Saturday, July 22, 2006

Show Your Manliness With Your Dollars

Being a vegetarian, I unfortunately have to deal with "chick food". By chick food I mean the plates that revolve more around pasta and veggies, rather than beef and pork. I am effeminate also, in the way that I don't use a macho brand of deodorant, or drink the beer that is assigned to my gender. Overall, I am not really a man. At least, not according to the latest slew of ads and literature focusing on the Manliness of Men. For too long have men been subjected to lean to the feminine side, becoming metrosexuals, watching homosexual movies, or buying pansy products.

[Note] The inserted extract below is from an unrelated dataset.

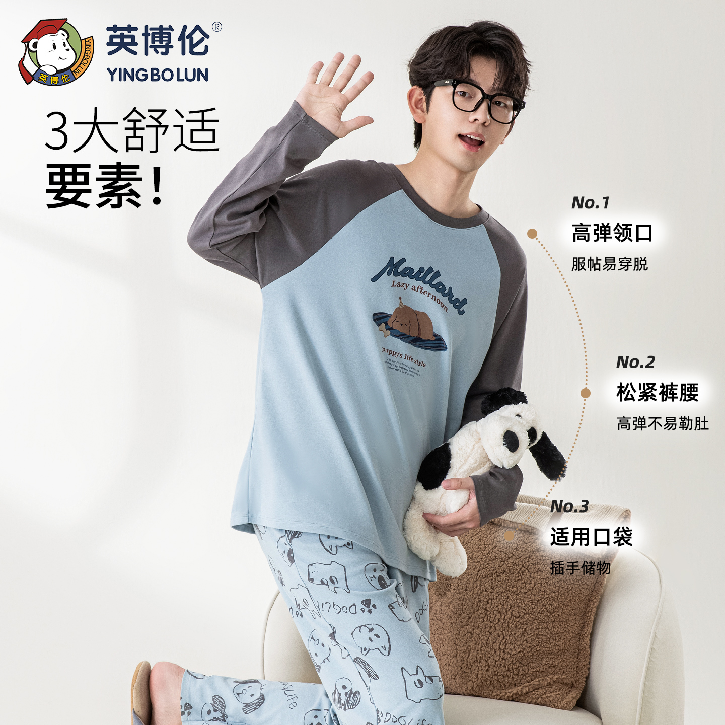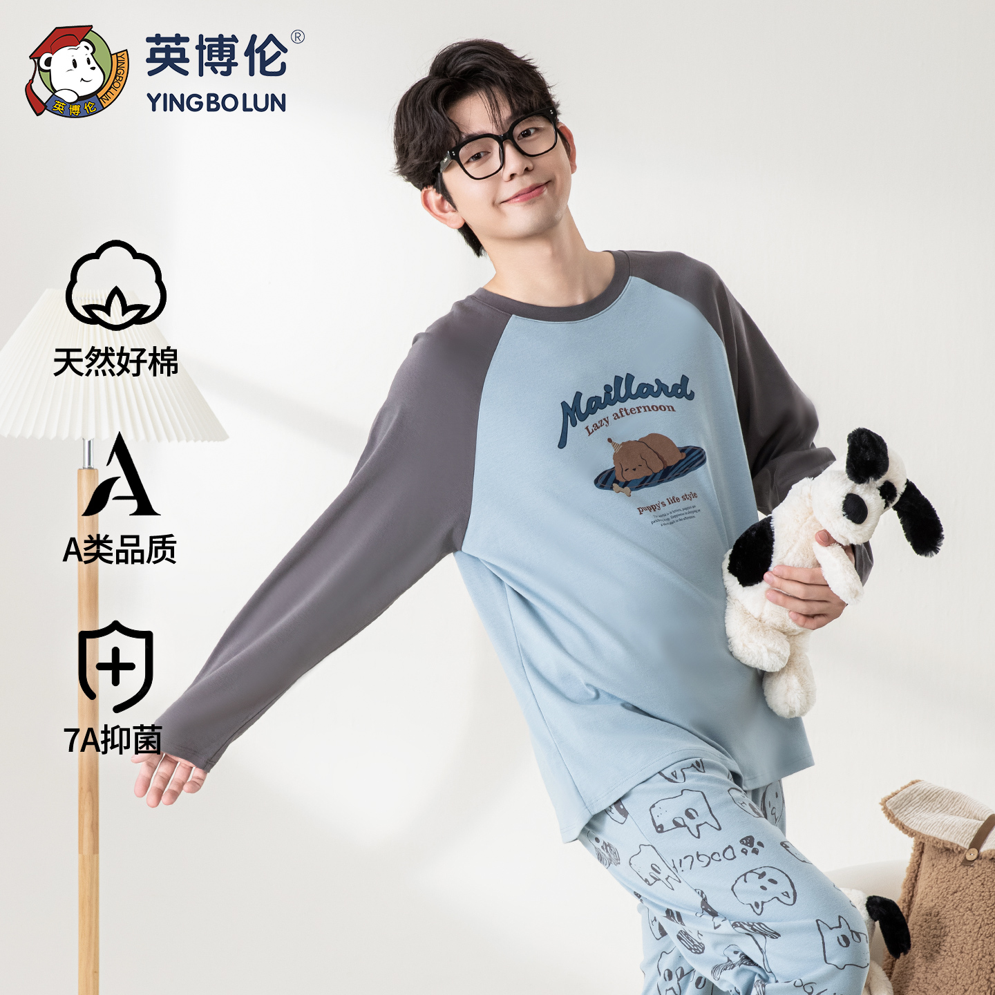 英博伦青少年睡衣春秋新款 套头全棉a类男生家居服 纯棉男大童长袖

The likes of Carl's Jr., Irish Spring, Budweiser, among other companies, have laid claim to what makes a man "manly". Chick food, as is sung about in the latest Carl's Jr. commercials, is everything that is not meat. Deodorants must be musky, soaps must peel the dirt off your skin, even if it takes some skin with it, and beer is not supposed to be light or foreign, but American and calorie-laden. Men, stop worrying about your pretty boy face and start focusing on your batting average or why you are running low on Old Spice. There is this new revolution in our culture that is up in arms when seeing, what they call, the emasculation of the American man. Books like, "I Hope They Serve Beer in Hell", or, "The Alphabet of Manliness", have become bestsellers. Esquire, in their current issue, asks what the "State of the American Man" is? It appears to be in contestation.
While the gay movement has changed little in regard to gay rights, it has molded our current society in the most subtlest ways. A man is now called a metrosexual when he pays attention to his appearance, instead of being blatantly labeled a "fag" or a "woman" (although those lovely macho figures still roam the nation). Style has been considered an essential part of a man's "importance". Rugged outdoorsman is no longer the quintessential American homme; it is Angelina's boo, Mr. Pitt. "Prettiness" is accepted as a quality when it comes to men. Our perception of the American cowboy is outdated...now he wears Kenneth Cole shirts and a driver's cap.
So what is all this fuss about the emasculation of the boys, then? It has to do with what many have called "Frat boy machismo". Showing off your good looks is still in style, but so long as you maintain control over other things, i.e. your women, your preferences, your gender. Is it truly that important to have control in order to be a man?